Oral Virtual Presentation (Virtual only) ESA-SRB-ANZBMS 2021

Mitochondrial dysfunction aligns with risk for diabetic kidney disease in youth with type 1 diabetes (#166)

Mitchell A Sullivan 1 , Domenica A McCarthy 1 , Nicole Flemming 1 , Preeti Chandrashekar 1 , Amelia K Fotheringham 1 , Rani Whiddett 1 , Neisha D'Silva 2 , Janelle Nisbet 2 , Adam Morton 3 , Stephanie Teasdale 2 , Nicolle Isbel 3 , Timothy Jones 4 , Jennifer Couper 5 , Grant Morahan 6 , David R Thorburn 7 , Mark Harris 8 , David W Johnson 3 , Andrew Cotterill 8 , Helen Barrett 2 , Trisha O'Moore-Sullivan 2 , Kim Donaghue 9 , Josephine M Forbes 1
  1. Mater Research Institute - The University of Queensland, Brisbane, QLD, Australia
  2. Mater Young Adults Health Centre, Mater Misericordiae Ltd, Brisbane, QLD, Australia
  3. Faculty of Medicine, The University of Queensland, Brisbane, QLD, Australia
  4. Telethon Kid's Institute, Perth, WA, Australia
  5. Robinson Research Institute, University of Adelaide, Adelaide, SA, Australia
  6. The Harry Perkins Institute of Medical Research, University of Western Australia, Perth, WA, Australia
  7. Brain and Mitochondrial Research, Murdoch Children's Research Institute, Melbourne, VIC, Australia
  8. Children's Health Queensland, Brisbane, QLD, Australia
  9. Univeristy of Sydney, Sydney, NSW, Australia

Background

Growing evidence demonstrates that diabetic kidney disease (DKD) begins as early as adolescence, with the highest tertile of urinary albumin-to-creatinine ratio (uACR) being identified as those individuals at elevated risk. The best-pactise regimens used to combat DKD in adults have proven ineffective in Phase III clinical trials, indicating that in early T1D other factors may confer the risk of DKD.

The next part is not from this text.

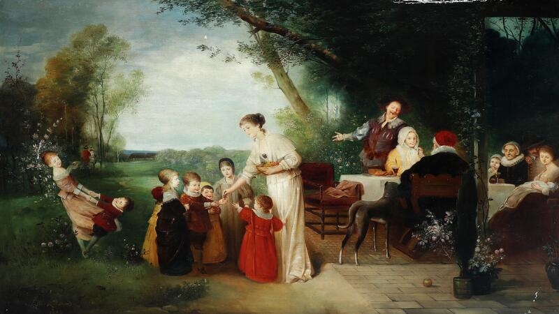 Дочери художника в гирлянде из фруктов кисти Фридриха Августа фон Каульбаха, 1904,

This study tested the hypothesis that mitochondrial dysfunction in adolescents with T1D may contribute to an increased risk in developing DKD.

Methods

This cross-sectional cohort study recruited 100 young adults with T1D. Mean uACR was determined and the cohort was then divided into the low-risk group (uACR <1.16 mg/mmol; n=66) and the high-risk group for DKD and CVD (uACR ≥1.17; n=34).

Peripheral blood mononuclear cells (PBMCs) from all participants were isolated and their mitochondrial to nuclear DNA ratios were determined. A Seahorse mitochondrial stress test was also performed.  Flow cytometry was used to quantify circulating T cells.

Primary proximal tubule epithelial cells (PTECs) were treated with the serum of the participants and the mitochondrial density and levels of SGLT2 and Collagen IV were measured using flow cytometry.

Results

PBMCs from the high-risk group had a higher oxygen consumption rate but lower basal respiration (P=0.01) and ATP-linked respiration (P=0.03). There was a negative correlation between the number of CD3+ T cells and the PBMC mitochondrial to nuclear DNA ratio in both the low-risk group (slope = -3.5; P=0.045) and the high-risk group (slope = -5.2; P=0.0022). PTECS exposed to the plasma of high-risk patients had a trend towards increased mitochondria (P=0.08) and had statistically significant increases in Collogen IV (P=0.049) and SGLT2 levels (P=0.01).

Conclusion

Young adults with T1D at high risk for DKD and CVD have signs of changed mitochondrial function and possess altered proportions of circulating T cells.